11 thoughts on “Massive Feet Part IV: In which, nothing happened”

    1. Welcome back Mr Oseberry6. Have you been on holiday?
      Thank you for assuming I own any marbles, unfortunately I have never been able to afford any and the days of nicking them off the Greeks are long gone.

      Liked by 1 person

    1. We changed from supermarket shopping (everything you could possibly want, all the time, all year) to a local and seasonal organic weekly veg box about 5 years ago.

      My thinking then was to come up with meals all week that used it properly, without waste and without the supermarket trips to ‘get something for dinner’ that a lot of us do, expecting them to have whatever you want, any time you want. To my mind that fuels the waste culture and the unnecessary packaging that some bemoan.

      It is a more challenging way of working, there is always a veg that you think ‘what am I going to do with that to make a meal’, and perhap this extra effort in not taking the obvious line of least resistance tells you why it’s not a more popular thing.
      Mrs Bryntin is still prone to coming home from work, having nipped in to the shops, with a couple of pork chops or half a kilo of stewing shin beef occasionally with a ‘I just had a hankering for it today…’ but we largely manage on the box contents for a week.

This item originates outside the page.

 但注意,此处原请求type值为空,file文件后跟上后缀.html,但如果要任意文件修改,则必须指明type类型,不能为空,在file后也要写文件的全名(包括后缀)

      Helps that my two kids are vegetarian too, so them visiting every couple of weeks isn’t any difficulty either.

      Liked by 1 person

      1. That’s really good, I like your line about ‘this extra effort in not taking the obvious line of least resistance’ which kind of makes it into an important daily practice and aligns your values with your actions, with effort needed on your part. Anthony and I are putting together a programme for September which is kind of in the same spirit if via different things. I’ll write about it on my blog. It’s always interesting to me how even a small change can have quite a wide ranging effect. Glad to know the kids are leading the way!

        Liked by 2 people

      2. Amazingly, Bryntin having a thoughtful and intelligent side. I shall put a stop that immediately, it’s not in the character.

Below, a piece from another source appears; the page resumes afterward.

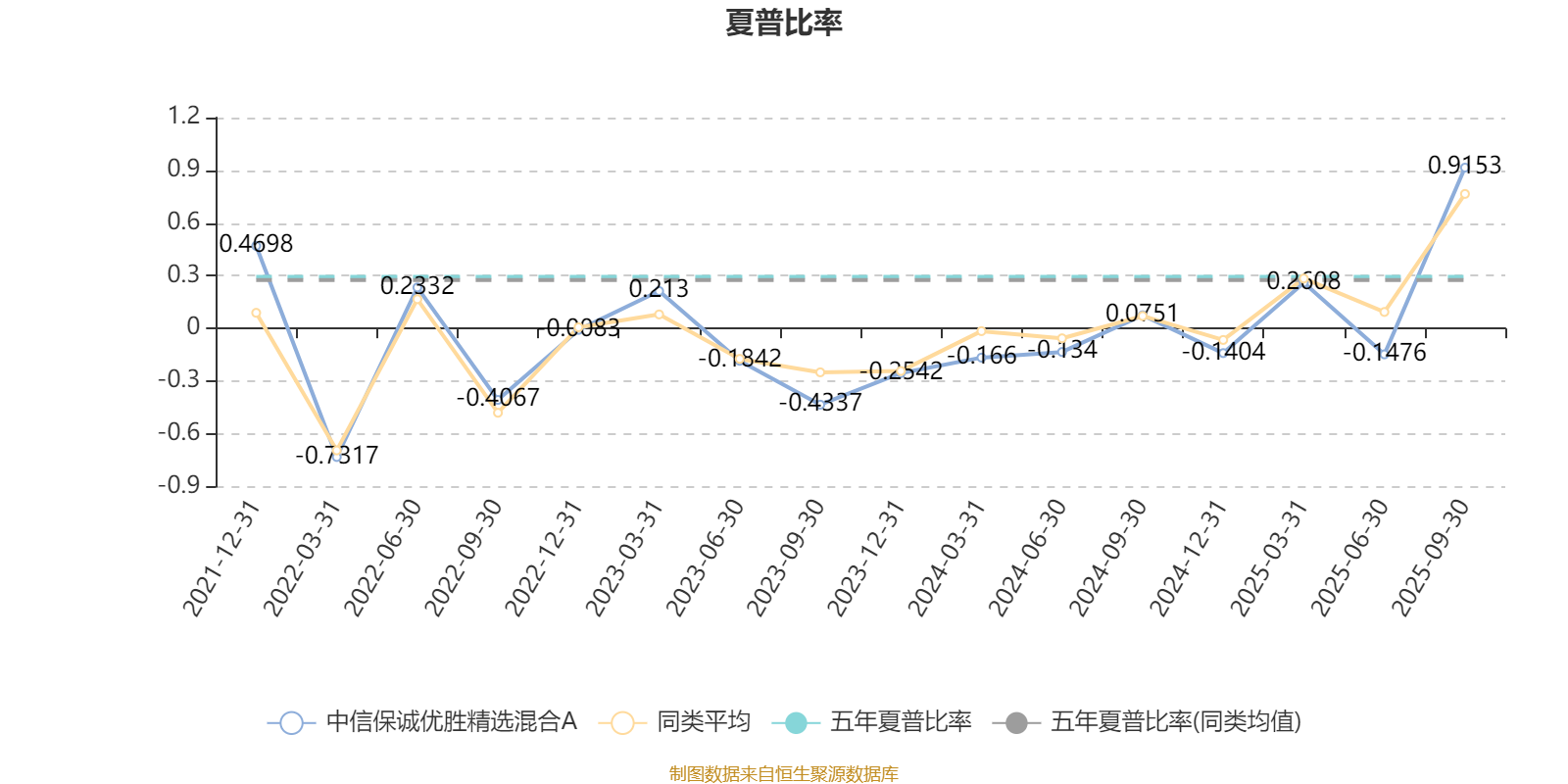 截至9月30日,基金近三年夏普比率为0.2148,位于同类可比基金156/177。

        Of course, I look forward to reading more on your mysterious programme on your blog when it comes out. Does it include sausage rolls?

        Liked by 1 person

  1. Having been veggie for nearly 4 decades (and by default, I come with a sidedish of virtual signalling), I found the main hurdle to overcome was the planning ahead. Once that became a habit and part of daily routine, it’s just the way we shop/eat/grow now. We used a veg box scheme for a while whilst we got our allotment going, and it was the foundation of that planning mindset. And we’re not great or enthusiastic cooks, so we often eat 5 easy meals we really enjoy, every week. Congratulations on the downward trajectory. Which wouldn’t ordinarily sound like a compliment!

    Liked by 1 person

    1. Yes, thank you. The mass can continue on the trajectory, I’m not sure about how much more of the others I can spare.

      I often think supermarkets, with their often claimed ‘it’s what out customers demand’, is a case of chicken and egg spinning, certainly as regards food wastage and the increase of packaging for that food. We wouldn’t have had much of it without them supplying the stuff first, then we apparently ‘demand’ more of it.

      Not me though. A butternut squash and chickpea curry for tonight, recipe available if required, once I’ve written it down.